All my ancestors were shipmasters. My great-grandfather drowned at sea, just outside Lyngør. On the 9th of April 1940, the day Germany invaded Norway, my grandfather mustered on a ship in Los Angeles. M/S Romulus was incorporated in the merchant fleet, and they transported iron ore for arms production from Lima, Peru to LA. He mustered out in Lima in 1941 to work for a mining company in the Andes, and later he became the skipper of a yacht, in Callao. My grandfather could not return to Lyngør until 1946, leaving my grandmother waiting for 9 years.

The images where I let go of control and let nature influence the process, will be juxtaposed by the documentation of large processes that are beyond individual control. This contradiction can shed light on challenges around climate change, and open up discussions that put both scientific, social, political and cultural issues on the agenda.
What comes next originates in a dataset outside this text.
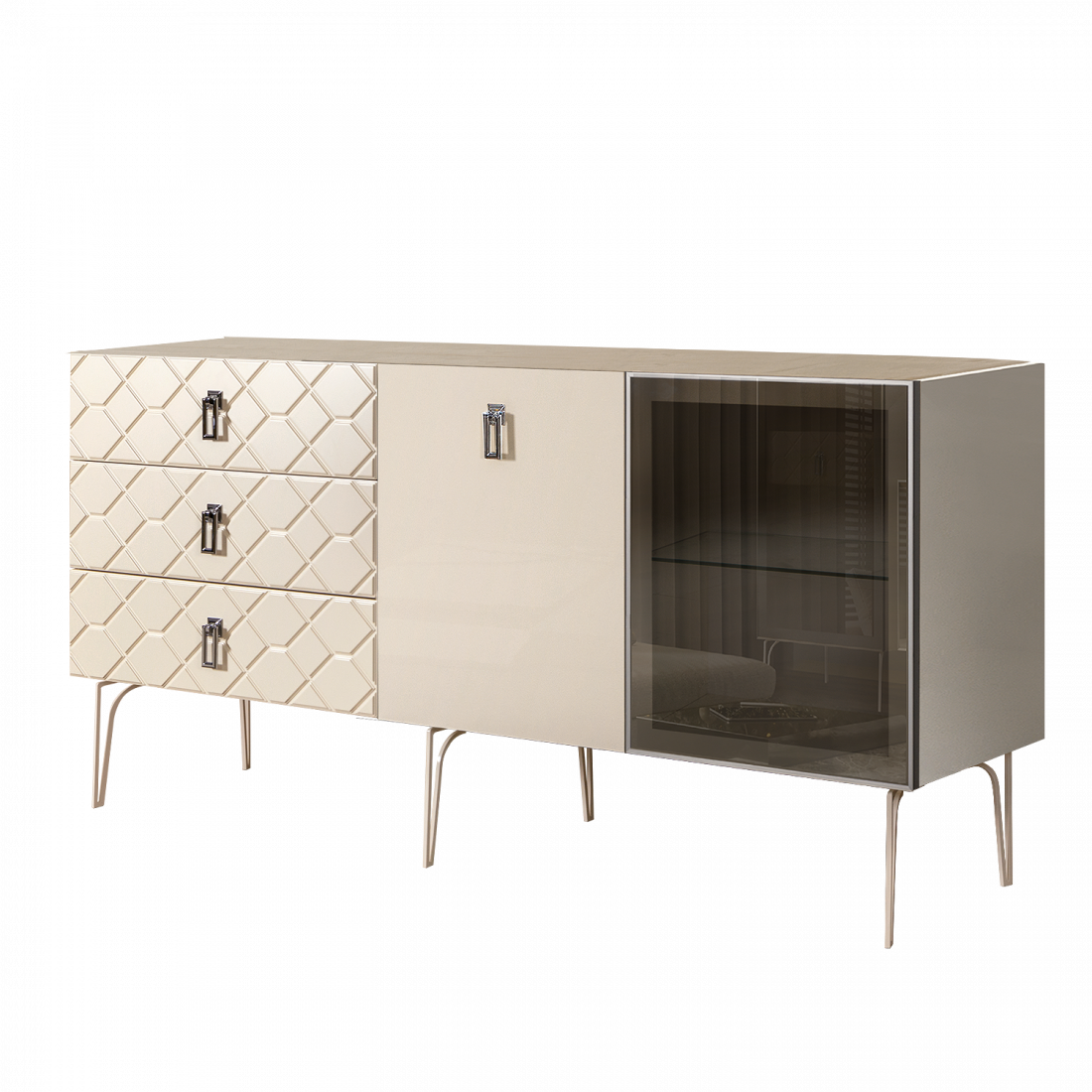 Стекло Stopsol меняет свои отражающие свойства под воздействием источников света. Поверхность, отражающая свет, мягко скроет содержимое вашего комода или витрины.

When my exhibition ‘Time by the Sea‘ opened in 2021, it was Dag O. Hessen, professor in biology and writer, who gave the opening speech. In it, the environment and climate debate were a common thread, and Hessen pointed out that it is the sea we will live off after our short oil intermezzo is over. In order to create greater awareness and engagement around the debates, he believed that the role of art is essential:

"Must art be legitimized by its usefulness? I do not think so, in the same way that research does not have to legitimize itself by its immediate and concrete utility value. But still, it is clear that art and science can be united, perhaps should also be united, now that our future is at stake. Research may involve one half of the brain, but art is needed to engage the other. Man is a visual animal, and the great environmental battles can only be won by engaging both halves of the brain."

I am originally trained as an art director from Westerdals, has studied at Oslo Fotokunstskole and assisted the photographer Dag Alveng. With pictures from an Atlantic circumnavigation in a pilot cutter from 1894, I made my debut in 2009. Last year, I was purchased by Norway's national museum of photography (Preus), last autumn I participated in a group exhibition at the Flowers Gallery in London, and this spring I had a solo exhibition in Venice. My work has also been shown in Boston, Paris, New York, Los Angeles and Vancouver, among others. The New Yorker, Harper's Magazine, D2 and Dagbladet Magasinet have written about my work.